Though it sits on the edge of being manipulative and heavy-handed, A Mighty Heart is an impressive procedural, a film written by a reporter. As such, it is exactly what we would expect from its pedigree. It is precise and thoughtful, intelligent but carefully crafted to appeal to a wide audience. More than these things, though, it shows its bias without making (or needing to make) apologies for it.
Facts of the Case
Following the kidnapping and murder of American journalist Daniel Pearl (Dan Futterman, Enough) in Pakistan, his wife Mariane (Angelina Jolie, Wanted) wrote the experiences of the kidnapping and investigation into a book. This film is adapted from that book, probably as close to a true story as non-documentaries get. Despite the premise, A Mighty Heart is not a thriller, but rather an exploration into the nature of terrorism, hostage situations, and the plight of reporters who risk their lives so that we can find out what's going on in other parts of the world.

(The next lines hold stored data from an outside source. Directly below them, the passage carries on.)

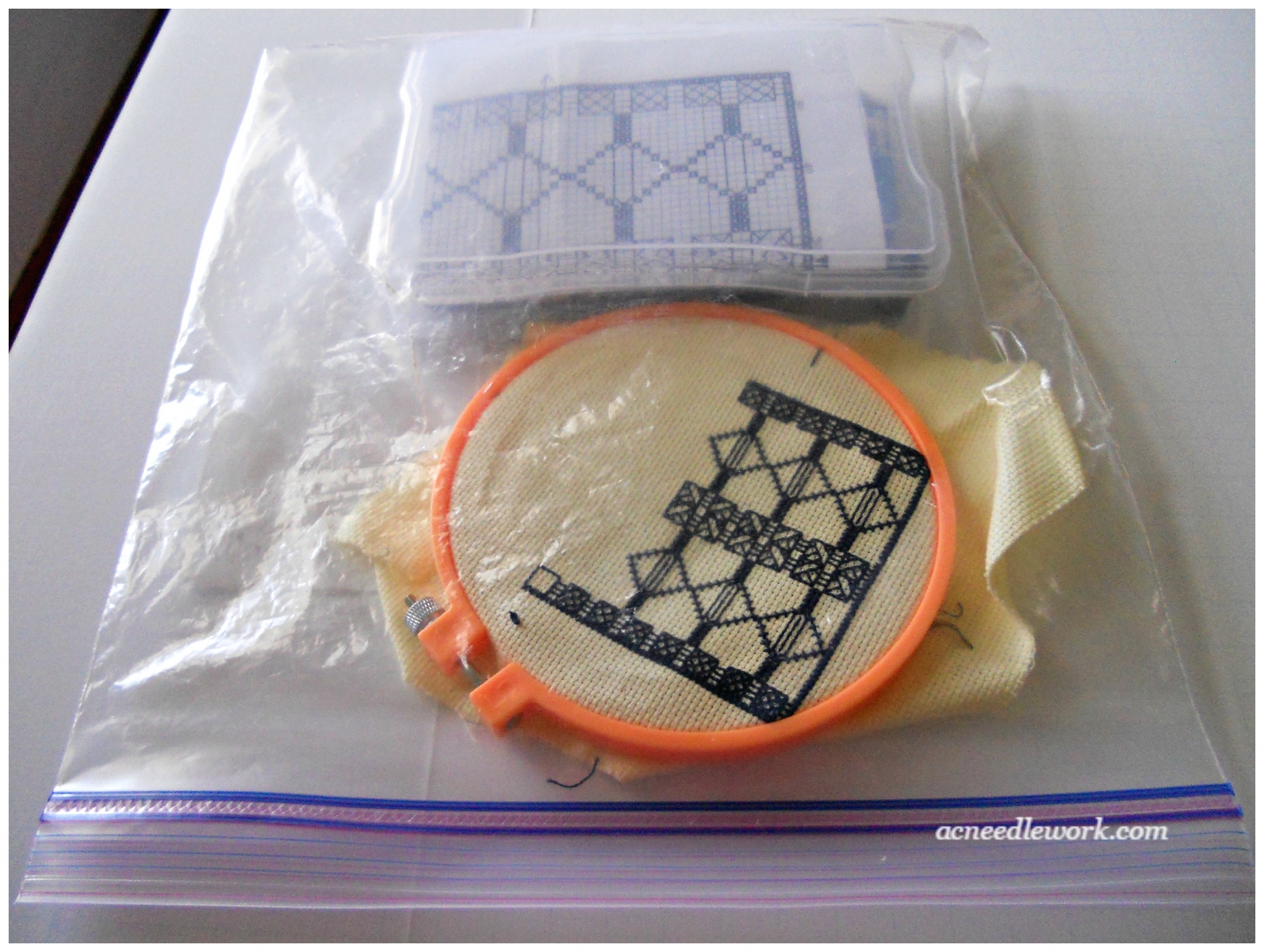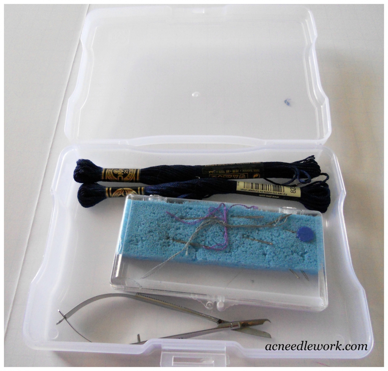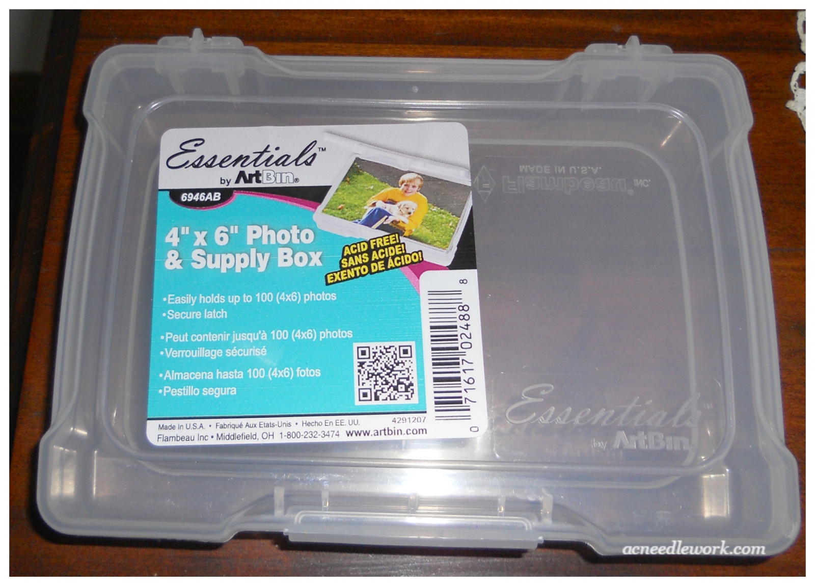 Lightweight and compact, your tools and supplies for a small stitching project fits in one perfectly. If your piece of stitching is small enough, it would fit in the box too. Since my project was too large for the box, I put it in a gallon zip lock bag, threw it in my purse and enjoyed passing the time away at my appointment. The photo boxes are available at most craft stores or on line. I found my first set at the Container Store years ago to organize my floss in. Those came in a large carrying case which makes storage great.
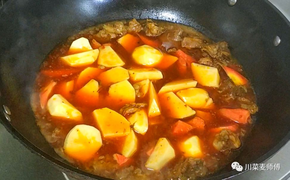 归根结底有两个要点!第一要点要把牛肉的腥膻味去除后将其鲜味激发出来,其次牛肉炖熟后与土豆混合炖制,让土豆的淀粉渗透到牛肉内部去,同时用牛肉原汤煮出来的土豆也更加鲜香。
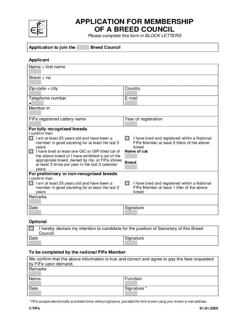 Get the free Breed Council Application
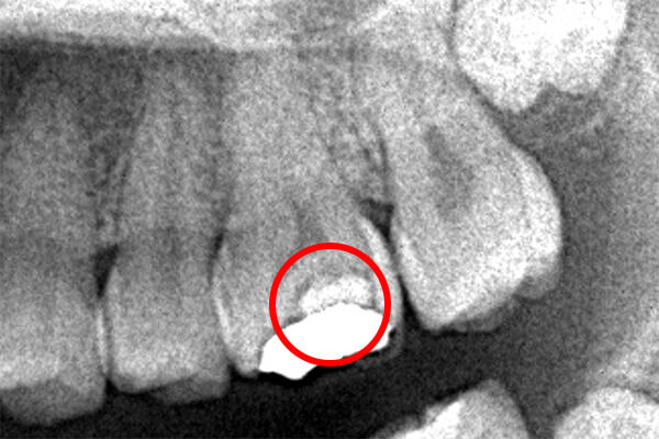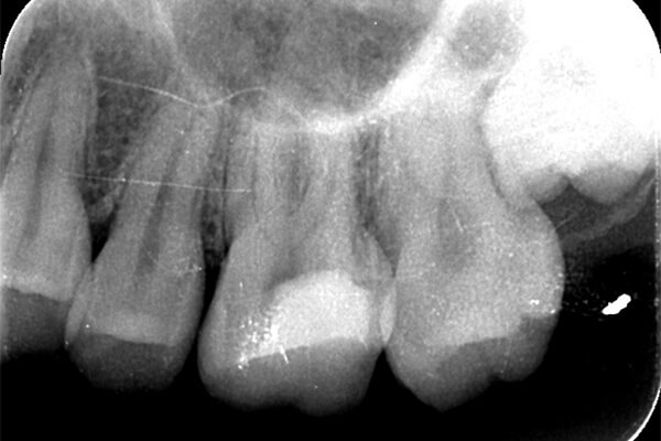 こちらは虫歯で神経を取らないといけなくなりましたが、何度治療しても痛みが消えないと言うことで当院にいらっしゃいました。度重なる治療で歯の神経のあった場所がかなりひろげられており、また根の先端も破壊されている状態でした。ですので、痛みが消えないのです。
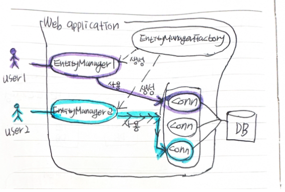 - EntityManagerFactory는 Persistence class를 가지고 JPA를 사용할 수 있게 준비를 해주는데 한번만 생성하여 공유하는게 좋습니다.
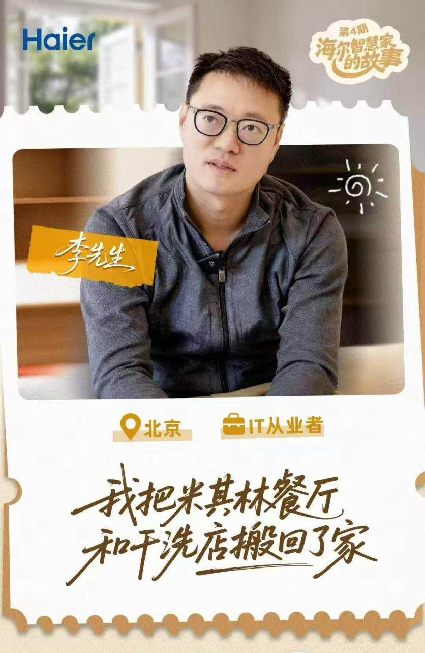李先生觉得,海尔智慧家庭把做饭、洗衣这些烦琐家务变成了顺手小事,就像把米其林餐厅和干洗店搬回了家。他可以把更多时间留给家人,也留给了那个可以随时卸下疲惫、自由舒缓的自己。
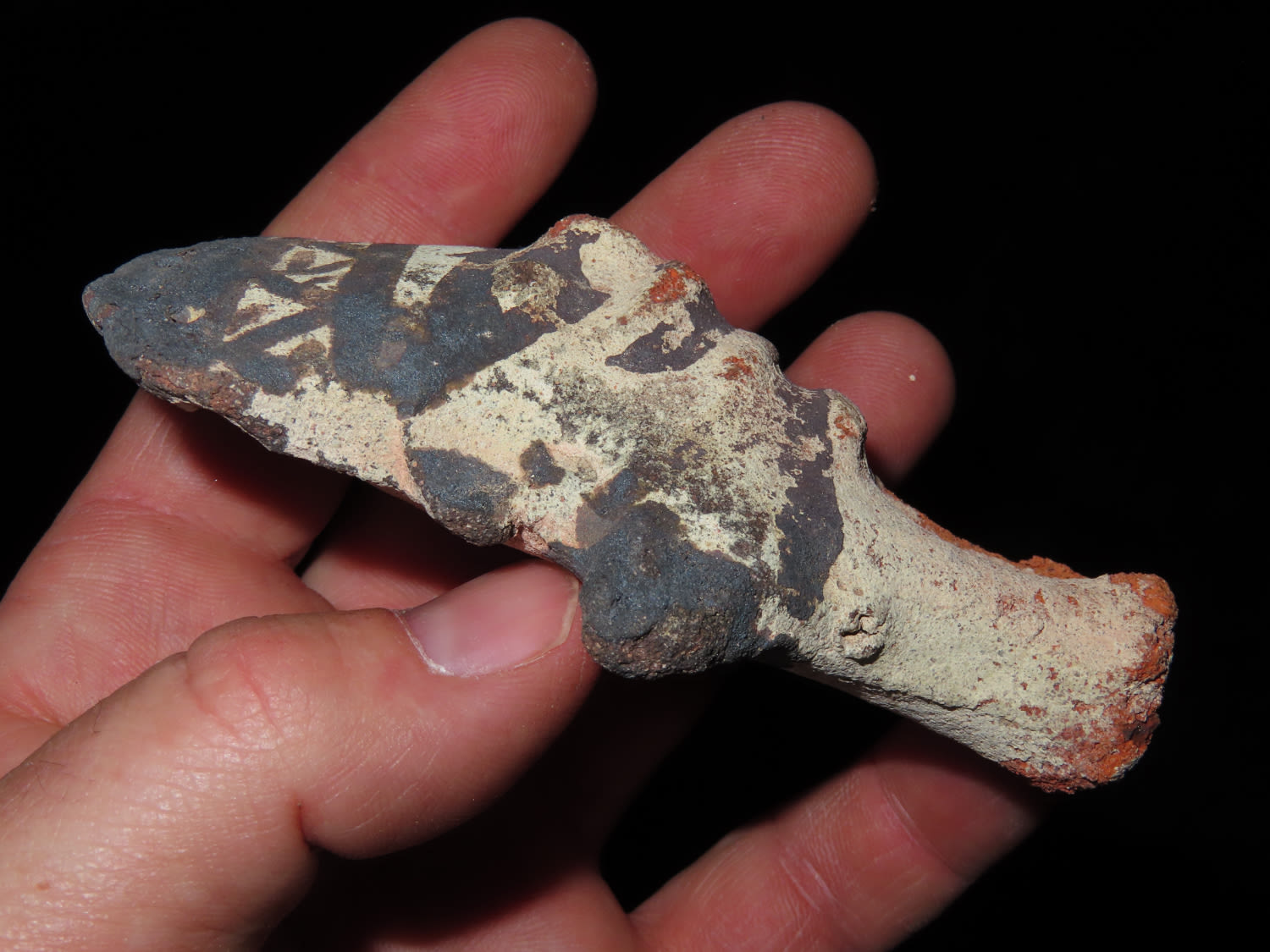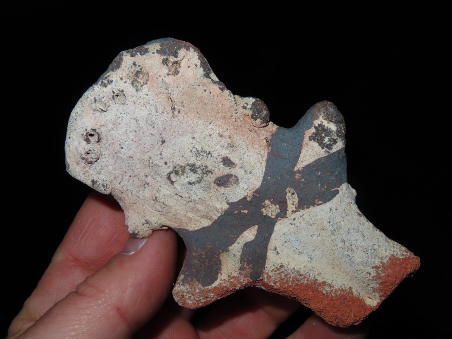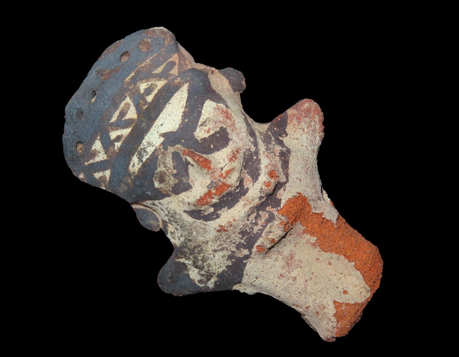 4″ PAINTED HUMAN EFFIGY CLAY FIGURE FROM MEXCIO, SOME DETERIORATION ON THE LEGS BUT OVERALL GREAT ORIGINAL CONDITION
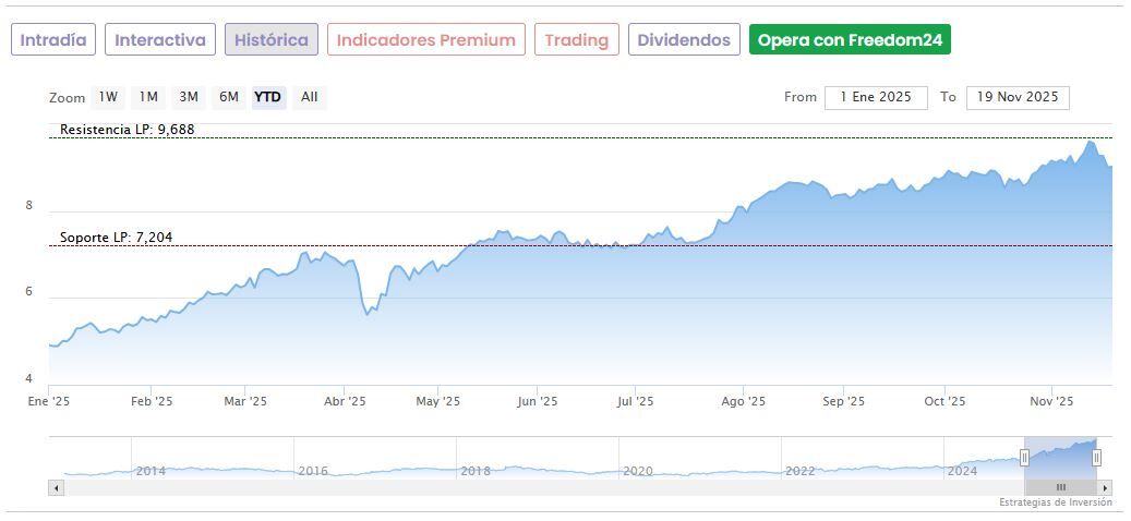 La nueva valoración supone un potencial alcista de un 26,4% adicional para unas acciones que acumulan una subida de más de un 75% en lo que va de 2025, y eso que ha corregido en los últimos días tras haber llegado a tocar unos máximos históricos de 9,688 euros el pasado 13 de noviembre.
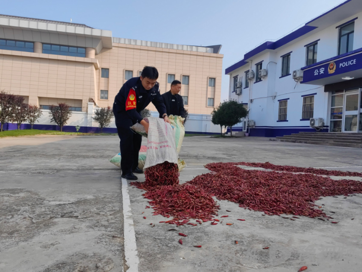 近期,禹州站派出所民警在日常线路巡逻走访中发现,辖区不少农户种植的辣椒进入收获季,连续的阴雨天气终于难得放晴,农户们却犯了难:自家晒场面积小,辣椒量大晒不开,要是错过好天气,辛苦种出的辣椒容易霉变,一年的收成可能受影响。了解到群众这一急难愁盼,派出所主动打破“警营重地”的刻板印象,迅速整理出院内闲置的平整区域,向周边农户敞开大门:“老乡,所里院坝宽敞,来这儿晒辣椒”。
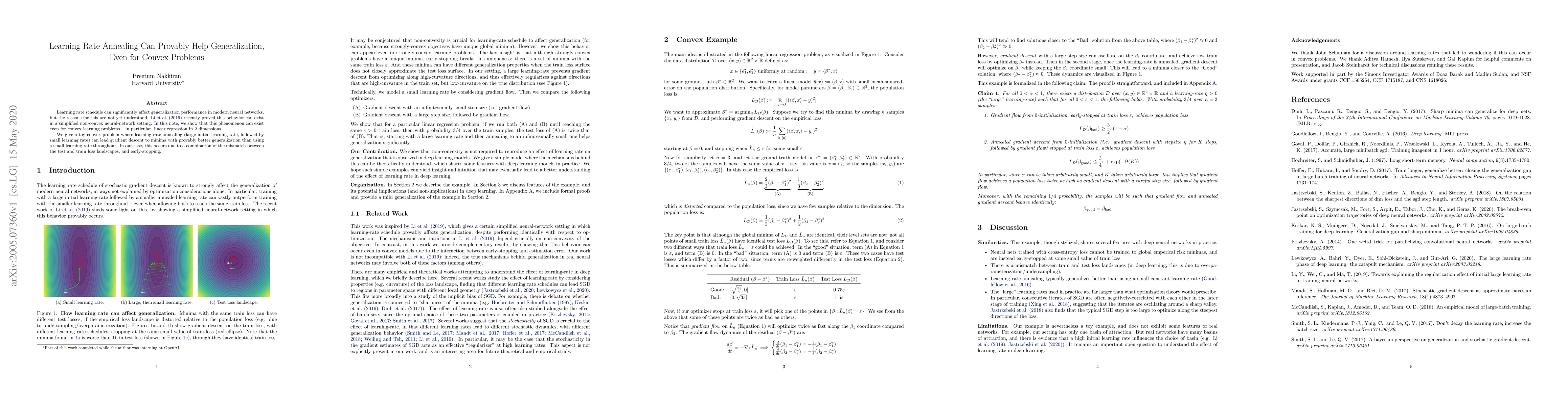 This paper demonstrates that learning rate annealing can improve generalization in convex problems, such as 2D linear regression, by showing gradient descent can find better minima due to the mismatch between test and train loss landscapes and early-stopping. This challenges the conventional wisdom that smaller learning rates are always better.
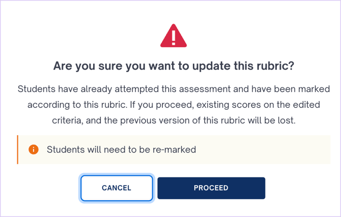 - Click ••• at the top right of the panel to find options to view or open the rubric in an expanded window. When you view the rubric while marking, you can click on the lock icon 🔒 next to the furthest criteria to unlock and update it. Note that updating a rubric after marking has begun would require re-marking the students who have already been graded. Click Proceed, then make edits to the rubric as needed.

There are those who are disappointed with A Mighty Heart, probably because the premise and trailer suggest that it is an action-packed thriller, but that's really not what we get at all. Instead, it is a film that replicates the experience that Mariane Pearl went through. While Daniel Pearl was experiencing a thriller of horrors and immediate suspense, she was witnessing other things: the response of the Pakistan anti-terrorism unit, the involvement of the American embassy, the help of other reporters, and her slow inner conflict between panic and hope. By locking the story (mostly) to what she would know, A Mighty Heart becomes a very different film than those we've seen on the subject before.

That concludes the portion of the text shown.